Но это услышала Оттилия. И разъяснила Альбине, что сейчас он не папа, он – король при исполнении… Крадусу захотелось позлить "профессоршу", он предложил с наивным видом:
– Слушай, а может, передадим это гостю – он пролистает перед сном, а?
Ответом ему был испепеляющий взгляд; король вздохнул и начал свою писаную речь:
– "Ваше Высочество! Наш далекий и одновременно близкий пенагонский друг! Абидонцы давно чтут вашего родителя и вас как славных государственных мужей, мудрых в политике и приятных в обхождении. Вы впервые в нашей стране. Но дружба и горячая симпатия к вам, опережая ваш кортеж, по-весеннему согрела сегодня нашу столицу, говорящую вам "Добро пожаловать!" с особым радушием…"
(Невольно припомнилось принцу Пенапью это "особое радушие" на лицах хозяина и завсегдатаев таверны, полицейского, прохожих, юного живодера по кличке "Гиппократ"…)
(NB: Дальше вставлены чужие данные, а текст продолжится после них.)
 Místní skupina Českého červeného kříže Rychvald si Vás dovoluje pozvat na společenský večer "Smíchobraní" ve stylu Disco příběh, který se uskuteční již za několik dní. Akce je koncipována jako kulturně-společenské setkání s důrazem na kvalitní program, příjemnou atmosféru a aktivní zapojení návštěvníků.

"У нас в Абидонии, надо заметить, народ по характеру домосед, почти никто нигде не был. Но все замечательно отзываются о вашей стране, об ее живописной природе, ее добросовестных мастерах-умельцах…" – тут Крадус оторвался от текста, заговорил от себя:
– Вот это точно, это без лести, Ваше Высочество. Взять, к примеру, шорников ваших – поклон им! Лучшие седла у меня – из Пенагонии! Или возьмем стремена: так сработаны, что даже мертвый ты стремя не потеряешь!
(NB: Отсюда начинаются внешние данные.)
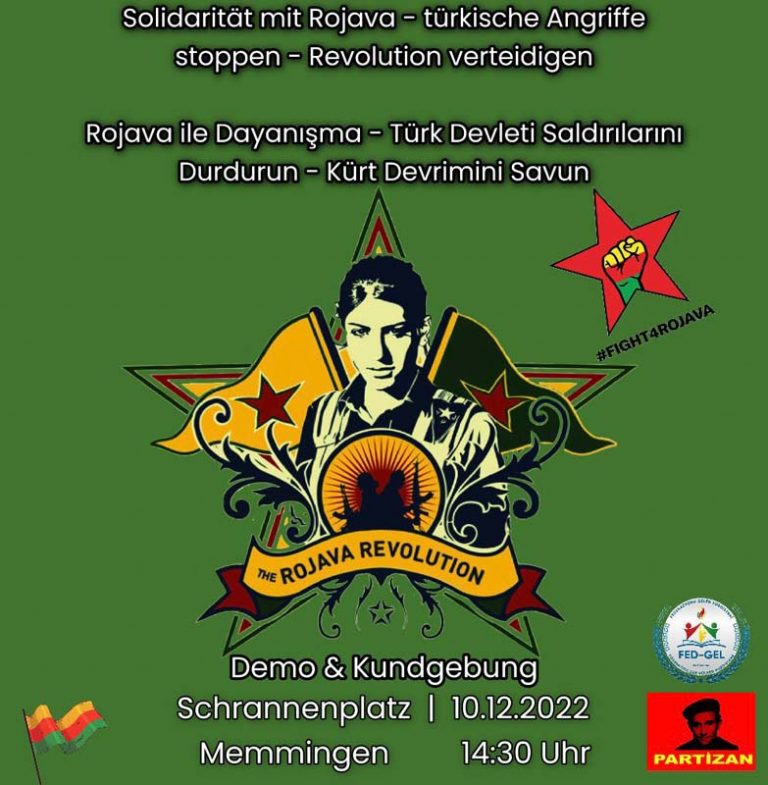 HABER MERKEZİ|06.12.2022| Bu Cumartesi, 10 Aralık’ta Memmingen’de “Rojava ile Dayanışma – Türk Devletinin Saldırılarını Durdurun – Kürt Devrimini Savun!” mottosuyla miting ve yürüyüş gerçekleştirilecek. Yoğun katılımın beklendiği miting Schrannenplatz’da saat 14.30’da başlayacak. Eyleme FED-GEL ve PARTİZAN tarafından da çağrı yapıldı. Eyleme İçinde Alman antifaşistler de çağrıda bulundu. Geçtiğimiz günlerde de şehir merkezinde işgalci saldırıların protesto edildiği miting düzenlenmişti.

Королева одернула его; она-то знала, что лошадиная тема грозит заполонить все! Крадус сделал над собой усилие и вернулся к листкам:
– "…парфюмерах, кожевниках, ткачах пенагонских, чьи изделия, поступающие к нашему королевскому двору, всегда радуют нас". Это факт, это он не соврал… только на первое место – все-таки шорников. "Восхищенная молва доставила нам данные и о тех необычайных талантах, коими наградили особу нашего гостя златокудрый Аполлон и его Музы…"
В этом месте король обменялся выразительными взглядами со свояченицей… Ясно же было: самому Канцлеру, с его особым сегодняшним насморком, не подвернулся бы под перо этот златокудрый с Музами… Какая-то скорпионья жидкость была в этой кудрявой фразе, и капнули ею не для гостя-слушателя, а, похоже, – для оратора самого!…
А гость вдруг засмущался ужасно:
– Полно, Ваше Величество… каких еще "необычайных"? Стоит ли? И вовсе это не молва восхищалась, а наша Пенагонская энциклопедия, я же знаю…
– Ну и что? – вмешалась Альбина. – Ведь там не выдумано, что вы в Королевском балетном театре выступали? Танцевали главного мотылька какого-то?
Эти слова причинили настоящее страдание принцу Пенапью! Всерьез говоря, выступление такое было на самом деле, но только один раз. Пробное оно было, неофициальное. Можно считать, репетиция. Прогон. И в зале сидели, слава Богу, только папа с мамой… А в Энциклопедии (деликатнейшний принц обозвал ее подлой!) напечатали, что успех был грандиозный, триумф… И принцу долго нельзя было поднять глаза на людей. Знали же люди, знали и радовались, что в балете "Легковерная любовь к огню" партия Первого мотылька не досталась выскочке августейших кровей! Ее, в конце-то концов, артист танцевал! И справедливо! А из-за Пенапью и неуклюжих его попыток только всю труппу задерживали зря, перенося премьеру с марта на май! Да если б и научился он делать это прилично, все равно – на публике, при полном зале, он просто умер бы! Сразу! Еще до первого фуэте! Этот балет, напоминавший королю и еще кое-кому о конфузе наследника, вообще мог быть запрещен ко всем чертям! Дирижер был на волосок от казни, от виселицы! Вот какой вклад в искусство мог внести он, принц Пенапью! Спасибо, удалось папу уговорить, чтобы он этого не делал…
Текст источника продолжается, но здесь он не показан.